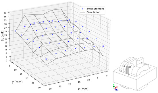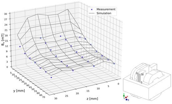 Comparison of the simulated and measured Bx values, of the flux density vector at the points for 4.5 mm from the shunt surface for w = 30 mm of the magnetic shunt extraction.
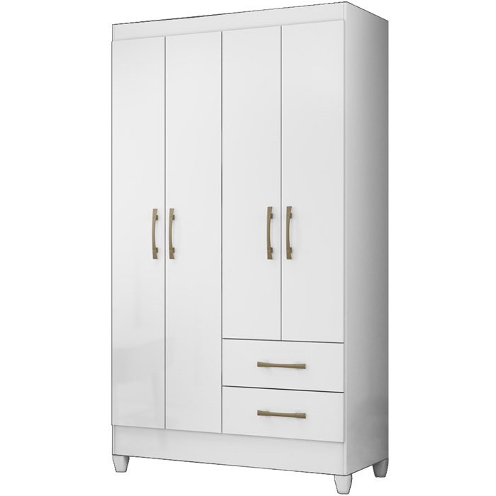 Guarda Roupa Solteiro 4 Portas, ideal para dar um toque de sofisticação ao ambiente. Estrutura em MDP de 12 e 15 mm que proporcionam melhor acabamento nas bordas e superfícies, e pintura com acabamento em UV. Composto por 4 portas articuladas, 2 gavetas, puxadores na cor bronze e acompanham pés em PVC. Excelente para seu quarto ficar belíssimo e organizado. Este móvel chegará na sua casa separado em 02 volumes.
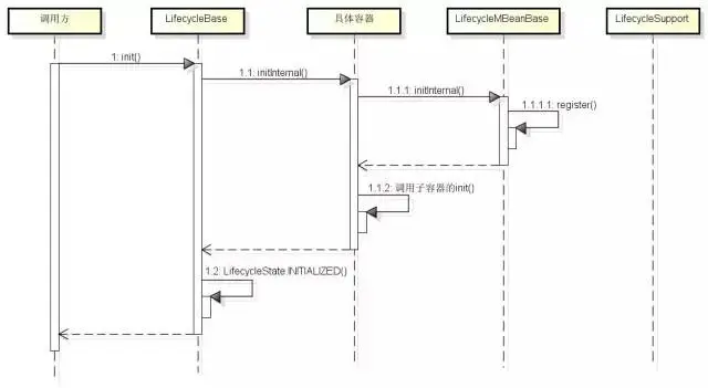 1. 调用方调用容器父类LifecycleBase的init方法,LifecycleBase的init方法主要完成一些所有容器公共抽象出来的动作;
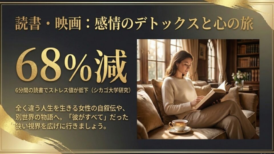 失恋した時こそ、あえてドロドロの悲劇や、逆に全く別世界のノンフィクションに触れてみてください。シカゴ大学の研究(2012年)では、読書を6分間続けるだけで、ストレス値が68%も軽減されることが示されています。
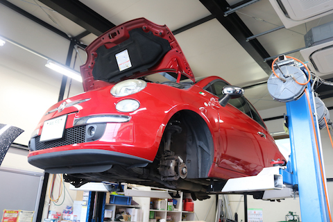 フィアット500のお客様、ブレーキ整備でご来店。
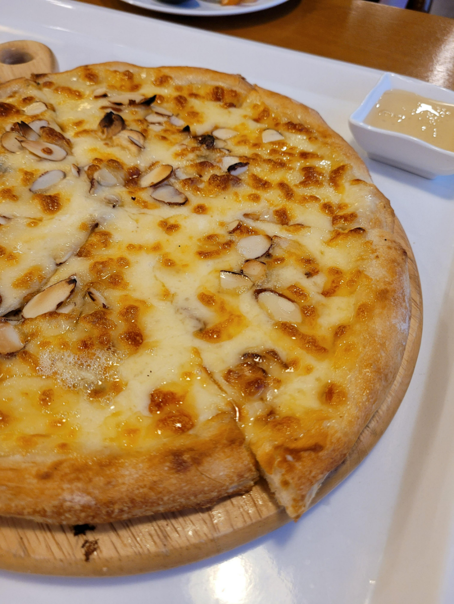 고르곤졸라 피자도 도우가 바삭하고, 꿀과 함께 찍어먹으니 맛있었어요. 꿀도 야무지게 한 차례 리필해서 먹었네요...
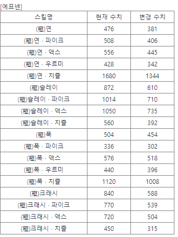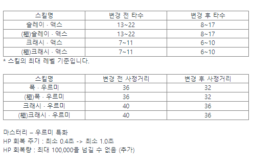 우르미 연(428->342) / 우르미 폭(440->396) 은 너프가 있는데
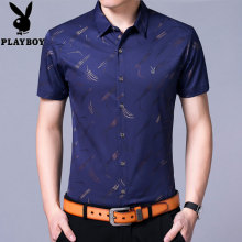 花花公子夏季短袖衬衫男士翻领时尚修身薄款衬衫中青年新款男装潮

* TASK DETAILS
Write out exactly the lines from the one containing "フィアット500のお客様、ブレーキ整備でご来店。" through the end of the entries, both included. Pictures are not copied.

* SOLUTION FOR THIS EXERCISE
 フィアット500のお客様、ブレーキ整備でご来店。
 고르곤졸라 피자도 도우가 바삭하고, 꿀과 함께 찍어먹으니 맛있었어요. 꿀도 야무지게 한 차례 리필해서 먹었네요...
 우르미 연(428->342) / 우르미 폭(440->396) 은 너프가 있는데
 花花公子夏季短袖衬衫男士翻领时尚修身薄款衬衫中青年新款男装潮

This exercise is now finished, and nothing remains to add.